Cierro la llamada. Tomo un respiro profundo buscando la calma que no tengo desde que todo paso, se que una vez que cruce la puerta de la bodega frente a mí me volveré a desquitar lo que le hicieron.

Tocaron a quien no debían, mi celular vuelve a sonar y no reviso ya que seguro es nuevamente Osiel Moretti exigiendo el paradero de su hija. Los gritos, las pesadillas y sus llantos que tiene cada noche se reproducen en mi mente produciéndome un mal sabor en la boca y avivando las ansias por atravesarles una bala a las dos personas frente a mí.

Pero no puedo hacer eso, ya que esa venganza le pertenece a la mujer que entrena desde hace una semana con Federico. Ese día el diagnóstico del doctor que pertenece a la organización solo reafirmo lo que ya sospechaba que le habían hecho, la violaron sin importarles nada, la tocaron y la ensuciaron como una vil ramera.

Me la dañaron

Y es algo que pagaran muy caro antes de morir, les hare vivir el mismo infierno, porque pasaran por lo mismo que ella pasó solo que multiplicado por mil veces más.

Los dos levantan su rostro al escuchar la puerta ser abierta.

— ¿Están listos?

Comienzan a suplicar por su vida como si me interesara lo que tienen que decir. Ni siquiera saben donde esta oculto Jetmir y ese es otro al que muero por ponerle las manos encima y hacerle pagar también.

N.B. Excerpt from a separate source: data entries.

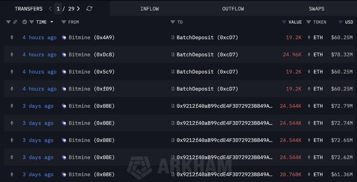 The repeated appearance of Bitmine-associated addresses in the transfer list suggests the firm is systematically deploying capital into staking, rather than testing the mechanism with a small allocation. Each entry reflects direct inflows to the staking contract, confirming that the ETH is being locked for network validation rather than moved through intermediaries.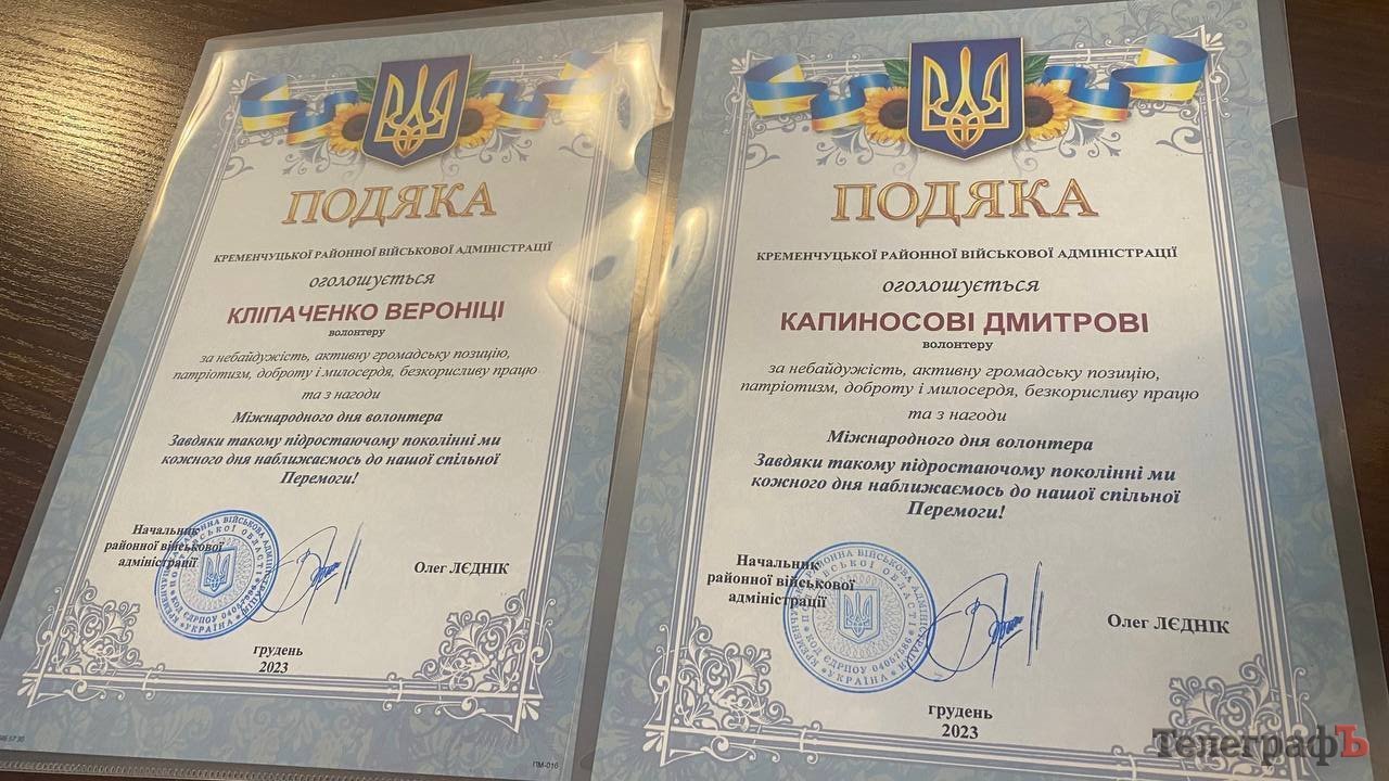 Сьогодні, 5 грудня, у стінах Кременчуцької військової адміністрації начальник КРВА Олег Лєднік відзначив учнів 7 класу ліцею №25.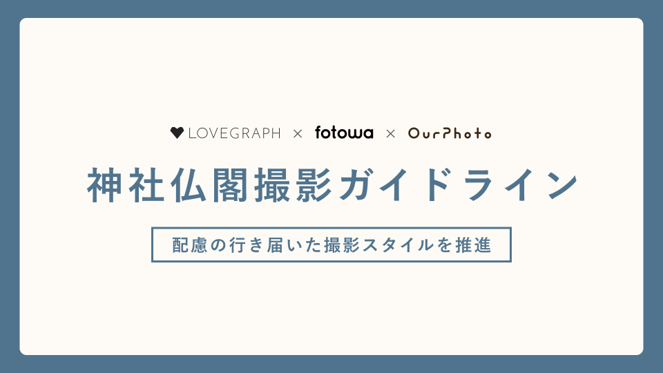 このような背景から、この度「fotowa」「OurPhoto」「Lovegraph」は、出張撮影業界の代表として共同で「神社仏閣撮影ガイドライン」を制定いたしました。

— Hoy tengo ánimos de ir por una de sus manos.

***

Las luces de la mansión se apagan. Estoy en una de las habitaciones con el celular en mi mano observando todo por medio de las cámaras, veo como lo primero que hace es buscar con que defenderse.

Saben lo que tienen que hacer, no me gusta, pero es necesario para saber si avanzamos ya que con Federico se está sintiendo demasiado segura para su bien. En la pantalla dividida observo cada rincón de la casa, pero mis ojos están fijos en una sola cámara.

En cuanto las luces se cortan ella se pone de pie al instante, no duda ni un segundo. Su silueta se mueve con rapidez por la habitación hacia el closet, por un momento pienso que va a esconderse, pero...

Una sonrisa cerrada se forma en mi rostro. Vamos dolcezza demuéstrame que has mejorado. Un cuchillo escondido en medio de sus cosas.

— Vamos...

La puerta cae con un golpe seco y dos encapuchados entran, sus rostros cubiertos, no hay nombres ni palabras, solo amenaza. El primero que ingresa es quien la nota y se lanza hacia ella, no retrocede, le lanza el cuchillo buscando distraerlo y lo logra porque este impacta en su hombro.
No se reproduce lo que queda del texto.